Saudi-Bound Golfers Brush Off Politics, But Stain Of Being Stooges Will Be Harder To Shake.

Golf has long been burdened with clichés that are more heavily trafficked than the 405 at rush hour, and yet the sport’s lingua franca manages to grow still more insipid and hollow by the day.

To our catalog of greatest hits—‘One shot at a time,’ ‘Take dead aim,’ and ‘Growing the game’—we can now add ‘Not a politician,’ the deflection of choice among professional golfers competing at next month’s Saudi International.

“So, not a politician, first off,” Bryson DeChambeau tersely announced a few days ago in a media Zoom call promoting the event. “I’m a golfer, first and foremost, and I want to play where the best golfers in the world are going to play. And that is the end of the story for me.”

In a separate call, Shane Lowry echoed his fellow major champion.

“Obviously there’s no hiding from the people writing about this tournament or what they’re saying about us going to play, but at the end of the day for me, I’m not a politician, I’m a professional golfer,” he said. “I earn a living for myself and my family and try and take care of those, and this is just a part of that, and I need to go there. I’m not a politician, I’ll let everyone else take care of that, and I’ll go and do my job.”

Lowry is one of the more affable guys on tour. DeChambeau is, well, not. One of them at least made explicit why he’s going to King Abdullah Economic City: money. The other veils his motive with noble-sounding tripe about competition. (DeChambeau’s eagerness to pimp for the Crown Prince in a promotional call must have been edifying for Rocket Mortgage, given that he refused all media obligations in a snit last summer, despite being the sponsor’s defending champion and paid endorser.) That both men trotted out the same talking point suggests it will be a repetitive refrain as players try to disassociate themselves from the actions of the Saudi regime while still cashing its checks.

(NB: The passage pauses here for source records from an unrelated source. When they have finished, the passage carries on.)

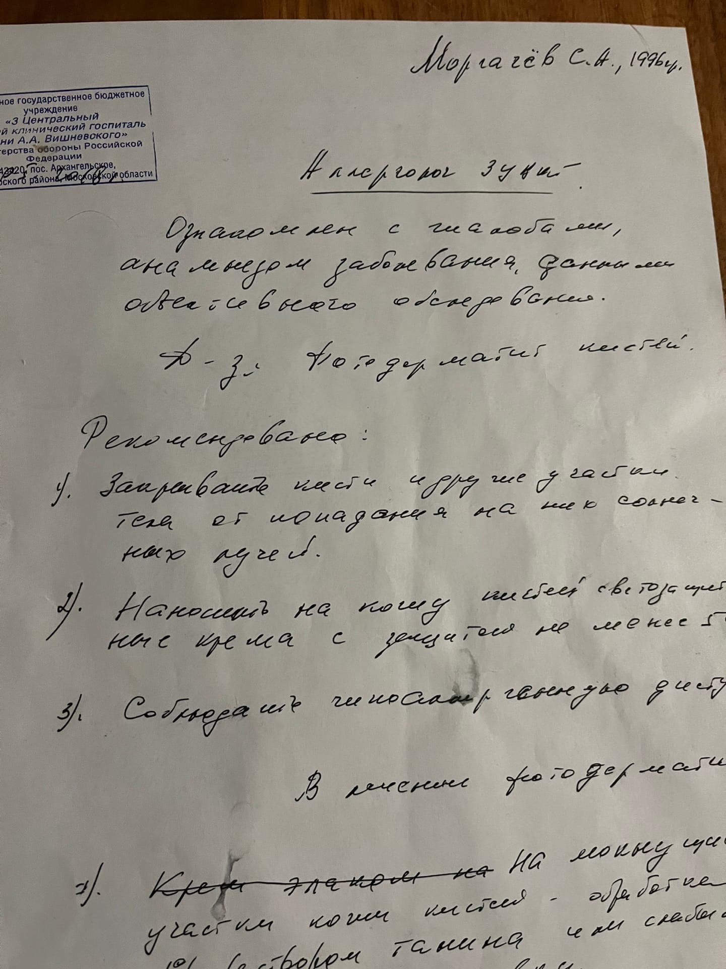 Так же в 2018 был у аллерголга в другой больнице написали фотодерматит кистей ( скрин)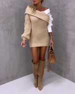 SPECIFICATIONS Category: Sweater Dresses Style: Casual, Business Material: 50% Viscose, 28% PBT, 22% Nylon Neckline: Round Neck Pattern Type: Solid color Sleeve Type: Dropped shoulder Dress Type: Straight Dress Length: Knee Length Sleeve Length: Long Sleeve Details: Ribbed, Patchwork Fit Type: Loose Occasion: Daily, Work Season: Spring, Fall,...
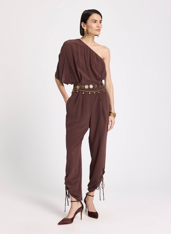 Confeccionado em seda, o Macacão possui modelagem longa, caimento fluido, decote assimétrico que valoriza o colo, manga única ampla com efeito drapeado, cintura levemente marcada, bolsos laterais funcionais, pernas alongadas com detalhe de amarração ajustável na barra e acabamento delicado.

It will be an excruciating dance for them. And it deserves to be.

In my experience, most professional golfers pay little attention to geopolitical issues in the world. Ask their opinion on the Uyghurs and they’ll likely tell you they prefer FootJoys. Even the few with broader awareness will avoid political topics for fear of unlocking a Pandora’s Box of questions every time they compete in a jurisdiction where the government stands accused of objectionable conduct, from China to Texas. So be it.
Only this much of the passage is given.